On 03/19/2016 12:55 AM, Matteo Bruni wrote:
2016-03-17 12:59 GMT+01:00 Paul Gofman <gofmanp(a)gmail.com>:
+enum PRES_REG_TABLES +{ + PRES_REGTAB_NONE, + PRES_REGTAB_IMMED, /* immediate double constants from CLIT */ + PRES_REGTAB_CONST, + PRES_REGTAB_VERTEX, /* not used */ + PRES_REGTAB_OCONST, + PRES_REGTAB_OBCONST, + PRES_REGTAB_OICONST, + PRES_REGTAB_REG, + PRES_REGTAB_MAX, + PRES_REGTAB_FIRST = PRES_REGTAB_IMMED, + PRES_REGTAB_LAST = PRES_REGTAB_REG, +}; You can drop PRES_REGTAB_NONE unless it's going to be used. These constants currently match values in preshader bytecode. PRES_REGTAB_NONE is used as a placeholder for value 0. I can remove it, but then have PRES_REGTAB_IMMED = 1 explicitly, or introduce a separate mapping table between original constants and these enum.
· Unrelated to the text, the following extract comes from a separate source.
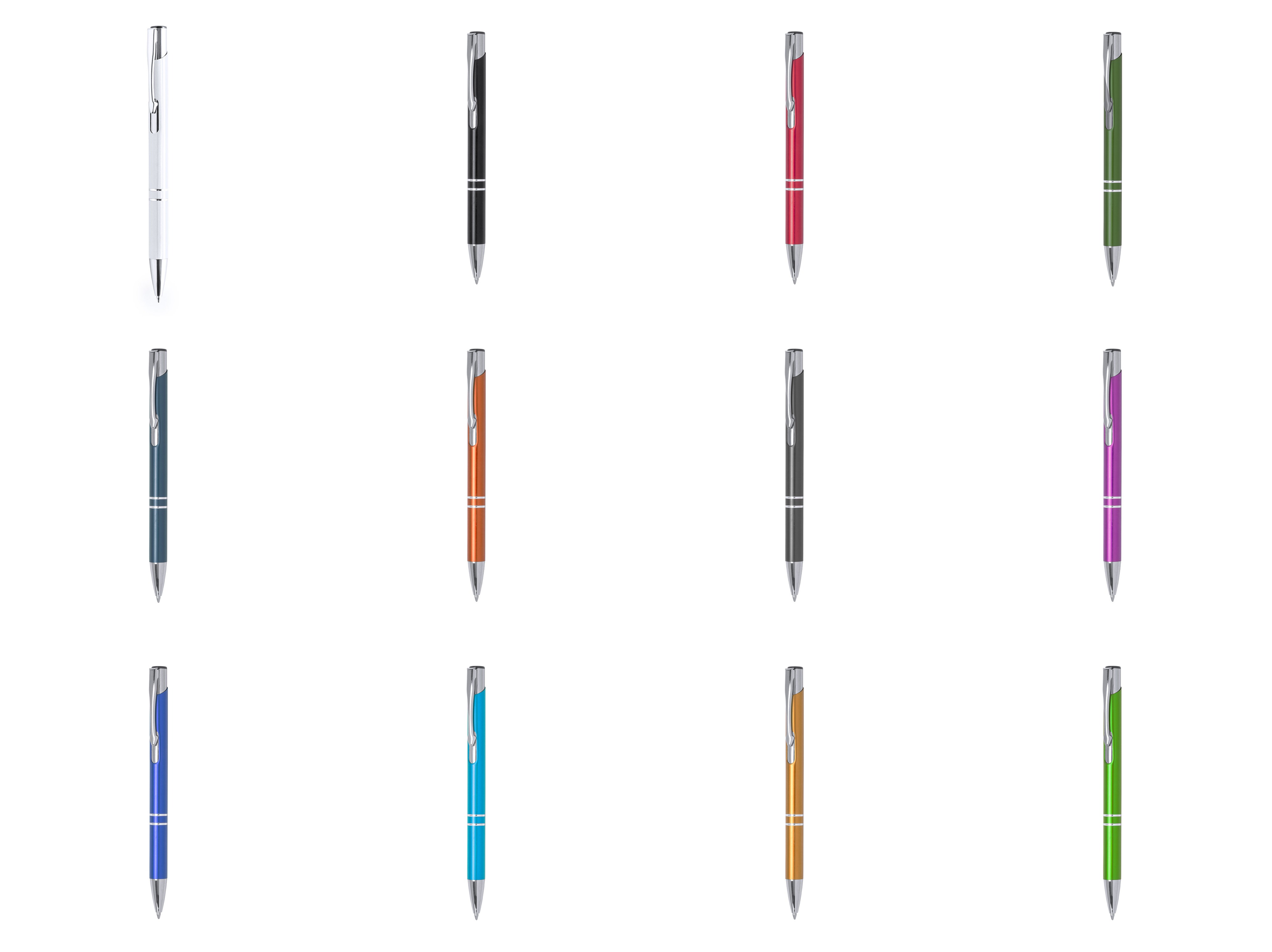 Original bolígrafo de mecanismo pulsador en elegante diseño bicolor. Con cuerpo troquelado en aluminio de suave acabado en variados colores. Original clip, anillas y punta en plateado. De cartucho jumbo y tinta azul.

+#define PRES_VS_BITS_PER_WORD (sizeof(unsigned int) * 8) What does the _VS_ part of the name mean? I'm also a bit thrown off by the _WORD part, mostly because in Win32 WORD is a 16 bit while DWORD is 32 bit and unsigned int is also 32 bit. Maybe it's just me, I don't know. VS means "value set" :) Yes, I realize WORD is confusing (what MS calls DWORD is actually a halfword nowadays). I suggest to change unsigned int to uintptr_t (which is functionally more appropriate), and call it PRES_BITMASK_BLOCK_SIZE. The traces of the disassembled preshader can also potentially go to a separate patch (leaving only dump_shader_bytecode() in the initial implementation - btw, I think it should be called dump_preshader_bytecode() given the renaming of the other stuff). It actually used to dump the whole binary blob, which can contains shader also (or just shader sometimes). I suggest I better use just dump_bytecode then.